Но Гул ошибся. Выражая желание отрезать не совсем пригодные для этого физиологические человеческие приспособления, Крот имел в виду вовсе не зарвавшегося «азера».
– Ты не понял, Рома, – поморщился Крот. – Я не о Халве. Я же сказал, Халва – первое. Теперь второе… Я о втором.
– А кто второй? – заинтересовался Гул. – Ты, Коля, попроще, попроще говори. Вовчик от непоняток твоего базара уже ушами прядает. Что там опять не так?
– Вчера видели Хорька. Он опять заходил в ломбард и от твоего имени забрал на реализацию «цацек» на пятьдесят тысяч.
– Долларов?
– Не, рублей. Но все равно. Зло такое берет, что Халву просто убить хочется.
– А Халва что, с Хорьком был? – изумился Рома.
– Не, Халвы не было. С какого хрена Хорек с «черными» вязаться будет? Халва тут совершенно не при делах.
Фома не выдержал первым. Глядя, как Крот пьет пиво, он рявкнул:
– Я тебе сейчас шаром в роговой отсек врежу – дурь, она сразу вылетит!.. При чем здесь Халва?! Зачем его убивать нужно?!
– Халва сейчас придет! – взвился Крот. – А Хорька попробуй поймай!
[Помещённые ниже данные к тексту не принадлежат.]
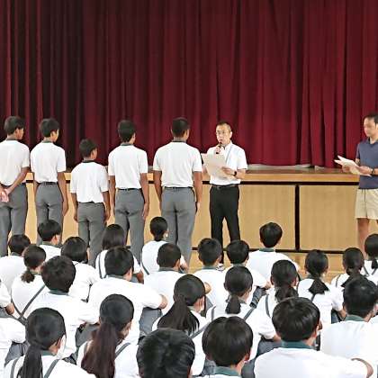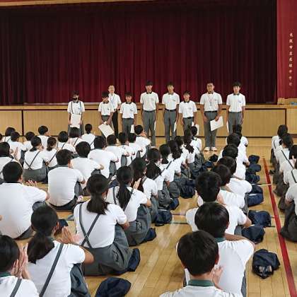 今日の全校集会で陸上部の賞状伝達を行いました。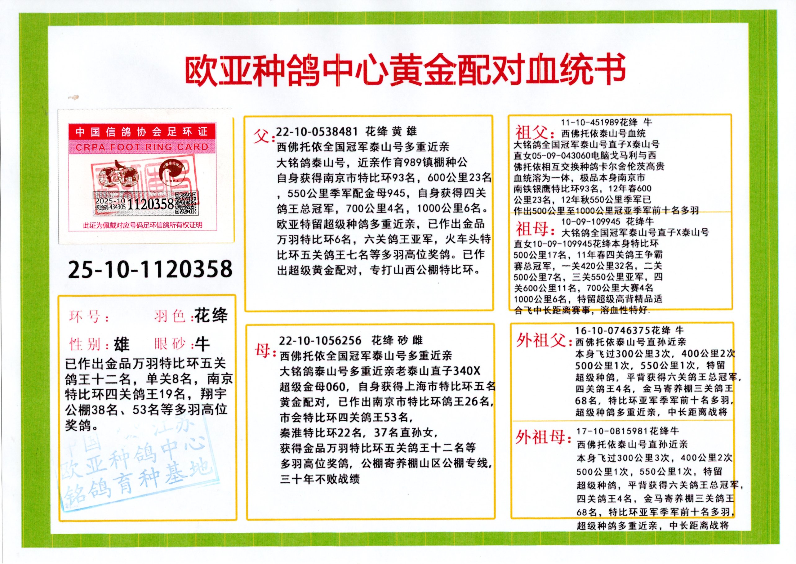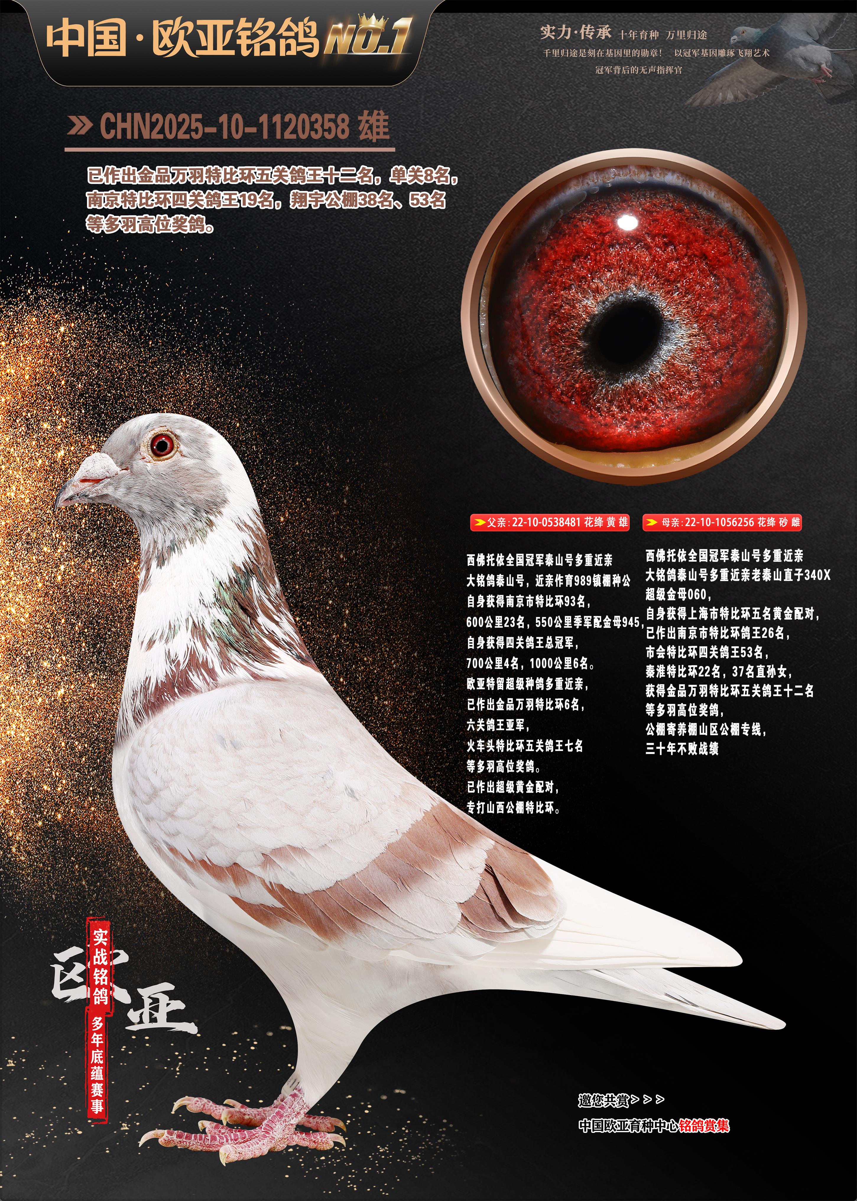 24年秋南京特比环欧亚荣获大团体冠军.小团体冠军551公里大特比13名.14名.16名.19名.20名.21名.24名.26名.27名.28名.42名.52名.54名.57名.65名.66名.68名.70名.71名.72名.74名.76名.80名.82名.83名.84名.85名.86名.90名.92名.110名.116名.121名.122名.128名.131名.158名.161名.164名.165名.166名.172名.174名.177名.182名.195名.196名.201名.205名.208名.210名.216名.253名.269名.275名.276名.294名.296名.299名,,24年秋云南天南铜都公棚决赛415名.天南铜都小棚决赛409名.云南玉活公棚决赛102名.490名.团体32名上笼二羽进二羽,天南铜都大棚506公里决赛445名。热烈祝贺河北省巨鹿县李兰生老师用欧亚泰山号血系连续十一年夺冠军,河北省国家赛冠军.全国季军等多次前十名高位,扬州王军王总用欧亚利奥24年春季获山东翔宇公棚决赛33名盖比53名。南京刘正龙刘总用欧亚盖比获得24年秋山东潍坊国际公棚决赛42名.精英赛30名.三关鸽王71名.决赛86名.加站赛16名.南京市特比环A组鸽王9名.B组鸽王5名.6名.C组鸽王5名.精英赛冠军4名.技能赛A组冠军4名.5名.秦淮区特比环荣获15名.46名.48名.87名。四川西昌徐亮徐总用欧亚利奥获得凉山州聚友决赛177名.第二关亚军双关鸽王19名.三关鸽王105名.云南豪庭公棚决赛603名。热烈祝贺24年四川重庆翔园鸽舍用欧亚泰山号荣获春季400公里冠军.秋季500公里冠军,河北王总用詹森X利奥获得千羽千翔公棚400公里冠军,广东蔡楷焕荣获24年秋爱好者 赛鸽俱乐部三关鸽王季军.一关420公里99名.二关450公里11名.三关520公里32名.单关季军.7名.12名,江西李卫兴荣获贵州红枫公棚8名.共翔俱乐部寄养棚四关综合鸽王30名.一关400公里78名.二关500公里55名.三关520公里37名.四关500公里57名.同父母获公棚18名.雷鸣获得武汉黄浦育翔中心冠军,四川陈文获得四川明鸿俱乐部300公里梦幻2名.3名.4名.9名.10名.13名.14名.15名.31名.34名.40名.41名.42名.43名.69名.71名.72名.73名.74名.94名.95名.97名.98名.99名.419公里决赛荣获总冠军7名.总共归巢9羽,四川徐亮获豪庭决赛603名,山西郑勇获得山西泰鑫公棚决赛255名詹森红狐,热烈祝贺马总获得开尔(飞跃队)决赛9名获奖金1310000万元.第一关52名,天津津福资赛180公里96名.获奖金429543万元,欧亚支持全国鸽友24年秋多人报喜 祝大家取得更好成绩,给欧亚报喜鸽友欧亚决定给每人赠送一羽超级种鸽。欧亚俱乐部特比环多关鸽王成绩:15年秋淮安特比环黑色星期一全会上笼9700多羽,当天无鸽归巢,第二天全会归巢357羽,本舍归巢158羽.前十名八羽.前一百名归巢57羽,16年春季获五关鸽王总冠军,总亚军四名.六名.七名.九名.十名.晶艺俱乐部520公里冠亚季军5名.6名.7名.9名.11名等,火车头冠军.季军6名.8名.9名.10名,16年秋晶艺俱乐部特比环520公里亚军.季军4名.6名.7名.9名,15年春南京白下特比环冠军.亚军.季军6名.7名.8名.9名.10名.指定鸽A B组获得冠军.亚军.季军4名.5名.,17年淮安特比环亚军.4名.5名.7名.8名.10名.六关鸽王总冠军.4名.6名.9名.10名,寄养棚宿迁刘总20羽特比环获冠军.季军.4名.7名.8名.9名等。18年荣获万羽特比环六关鸽王总冠军.总亚军.总季军.6名.8名.十名.单关四羽冠军.二羽亚军.四羽季军.前十名27羽。19年秋万羽特比环六关鸽王总亚军.总季军.5名.8名等,单关二羽冠军.三羽亚军.一羽季军前十名31羽。20年秋淮安市鸽会四关特比环大赛风雨无阻鸽王亚军.鸽王六名,金品俱乐部万羽特比环六关鸽王总冠军,总亚军.四名.五名.六名.七名.八名.十名.前二百名鸽王35羽,单关冠亚季军前十名四十多羽,火车头五关鸽王季军.六名.八名.前二百名鸽王十七羽。20年春荣获淮安五区一市四关鸽王总冠军.亚军.四名.八名.九名。21年秋荣获金品万羽特比环大赛六关鸽王总亚军.总季军.四名.七名.九名.十名.单关冠亚军季军前十名三十多羽。火车头协会鸽王六名.七名.十名.单关前十名十七羽。22年秋荣获鸽王总冠军.总亚军.5名.7名.8名.9名.11名.单关冠亚季军前十名三十多羽,第一关单关前二百名四十多羽,第二关前二百名三十多羽,第三关前二百名四十多羽,第四关前二百名四十多羽,第五关前一百名53羽。23年秋荣获鸽王季军.五名.八名.十名.13名.17名.20名.27名等多羽鸽王.单关前十名二十多羽。公棚.寄养棚部分成绩:16年秋宁夏黄河公棚总冠军电脑戈马力指定通炮冠军,17年送八羽参赛获得鸽王八名进奖四名,支持韩总荣获八名。支持鸽友荣获宁夏中卫公棚决赛总冠军.精英赛冠军,支持18年宁夏黄河公棚决赛冠军詹森X泰山。安徽鼎博寄养棚院内外四关鸽王总冠军.鸽王十七名.三十七名同窝,鸽王39名.42名.58名.67名。18年山东公棚预赛冠军.决赛65名.送八羽进奖五羽.指定获奔驰汽车一辆。支持鸽友获得云南蓝云公棚冠军.盖比X佛卡门。支持鸽友荣获云南银集公棚决赛冠军 詹森427X520血系 速度赛6700羽冠军。17年荣获金马俱乐部寄养棚四关鸽王总冠军.季军.六名.八名.第一关冠军.亚军.季军四名.七名.十一名.金牌教练奖。支持鸽友18年北京费翔公棚预赛九名电脑X桑杰士,支持鸽友荣获陕西威力公棚决赛11名.内蒙古临河寄养棚四关鸽王六名.詹森配泰山,支持河北王总用欧亚詹森427配胡本喜获20年秋开尔青年棚季军。云南东荣公棚16年预赛冠军.决赛77名.17年决赛12名.詹森红狐X泰山,17年平安公棚决赛4名 詹森427。欧亚获得21年金母寄养棚第一关四名.第二关5名.第三关5名.6名.7名.10名.三关鸽王总冠军,四关鸽王14名.十羽鸽王。支持河

Пока найдешь, вся злоба пройдет.
У каждого своя логика. Тучи над Халвой сгущались и сгущались…
– Эй, там, на Камчатке!! – завопил через весь зал один из троицы гостей. – Потише там!
Завсегдатаи, сидящие вокруг, отвернулись. Лучше сделать вид, что они не видели, как какие-то лохи рыкнули на авторитета. За свидетельство можно и пострадать. Программа защиты свидетелей в этом случае не работает.
– Давай дальше, – попросил Крота Рома. – Что еще произошло за текущие сутки?
– Да все, пожалуй… – покусав губу, Крот задумался. – Правда, на Павловской трассе какой-то бык Леву и Таракана покалечил. У Левы ухо, как у Чебурашки, а Таракан как уехал к стоматологу с утра, так до сих пор там сидит.
– А что случилось? – Рома дотянулся до стакана и отхлебнул пива. – Бунт дальнобойщиков?
– Не. Какой-то черт на изумрудной «девятке» дорожный налог платить отказался. Ищут. – На секунду задумавшись, Крот опять взорвался. – Нет, ну, Халва… Сука-то какая!
– Эй!.. – опять развернулся в их сторону пьяноватый командированный.
Его почти хором поддержали двое друзей. Их нетрезвый слух и зрение были зачарованы красотой и пением Викуши Соловейчик…
– Что за бычье, в самом деле?! Не умеете в культурном месте отдыхать – ступайте к себе в хлев!..
«Я у тебя втора-йя, первую звали Ра-йя…» – пела, улыбаясь Роме, Вика.
– Значит, так, – заключил тот и вынул из кармана спортивных брюк телефон. – Коля, завтра скажешь Майдану, чтобы он к вечеру нашел Хорька. Что за мужик такой? Пятый десяток человеку идет, а ведет себя, как тридцать лет назад. К золоту тянет, как магнитом. Что в ломбарде, что на бабах… – Прижал трубку к уху: – Здравствуйте! Подскажите, пожалуйста, Костин сегодня дежурит? Дежурит? Пригласите, будьте любезны… – Заметив, как один из командированных купил у постоянно слоняющейся по кабаку цветочницы три алых розы и направился к сцене, Рома поморщился, но тут же оживился. – Алло, Леша! Привет! Слушай, у меня к тебе вопрос есть. Мимо тебя сегодня на изумрудной «девяточке» никто из ребят спортивного телосложения не проскакивал?.. Останавливал даже?.. Как мило…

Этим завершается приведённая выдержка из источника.